The reason is that a pandas DataFrame, by default, is not an ordered data structure, at least in the column dimension. You could have permuted the order of the column data at construction time, and you would get the "same" DataFrame.
Since there can be many differing notions of equality between two DataFrame (e.g. same columns even including type, or just same named columns, or some columns and in same order, or just same columns in mixed order, etc.) -- pandas defaults to trying to be the least specific about it (Python's principle of least astonishment).

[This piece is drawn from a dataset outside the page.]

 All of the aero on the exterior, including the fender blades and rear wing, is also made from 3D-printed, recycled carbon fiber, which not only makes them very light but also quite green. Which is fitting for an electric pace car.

So it would not be good design for the default or built-in constructors to choose an overly specific idea of equality for the purposes of returning the DataFrame back down to its arguments.
For that reason, using to_dict is better since the resulting keys will encode the column information, and you can choose to check for column types or ordering however you want to for your own application. You can even discard the keys by iterating the dict and simply pumping the contents into a list of lists if you really want to.
In other words, because order might not matter among the columns, the "inverse" of the list-of-list constructor maps backwards into a bigger set, namely all the permutations of the same column data. So the inverse you're looking for is not well-defined without assuming more structure -- and casual users of a DataFrame might not want or need to make those extra assumptions to get the invertibility.
As mentioned elsewhere, you should use DataFrame.equals to do equality checking among DataFrames. The function has many options that allow you specify the specific kind of equality testing that makes sense for your application, while leaving the default version as a reasonably generic set of options.